Macy said yes and now, standing in front of the sex toy checkout counter, Connie wondered about all the lesbians and gay men who felt as if they had to parade their sexuality in front of parents and relatives and neighbors and ex-lovers. Why? she suddenly wonders as she trails thoughts of Macy’s sexual awakening behind her.

“Meredith, why do people have to come out?” Connie asks. “You know, I don’t recall sitting my parents down when I decided to have sex to let them know I was a heterosexual.”

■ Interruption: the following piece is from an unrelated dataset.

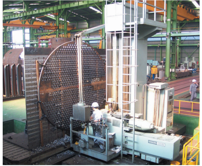
CNC horizontal boring machine

Meredith chokes on her coffee and a small stream of the black liquid runs down her chin—which Connie immediately leans over to brush off with her fingertips.

“Where the hell did that come from, Connie?” Meredith sputters.

“Thin air, I suppose, and thinking about the time my daughter asked me to get her some birth control,” Connie shares. “I feel like you’re about to tell me some secret just like she did then and it got me wondering.”

“Actually, it pisses me off because I feel the same way,” Meredith tells her. “I don’t know why we have to come out. Maybe some people feel as if they owe it to their friends and family, so everyone will stop trying to set them up with straight people.”

Maybe that’s it, they both agree as Meredith takes Connie into the back room and suggests she ask Jessica for a job.

A job.

And now it’s Connie’s turn to spit out coffee and she wants to know if Meredith has been smoking crack with Kinsey on the job.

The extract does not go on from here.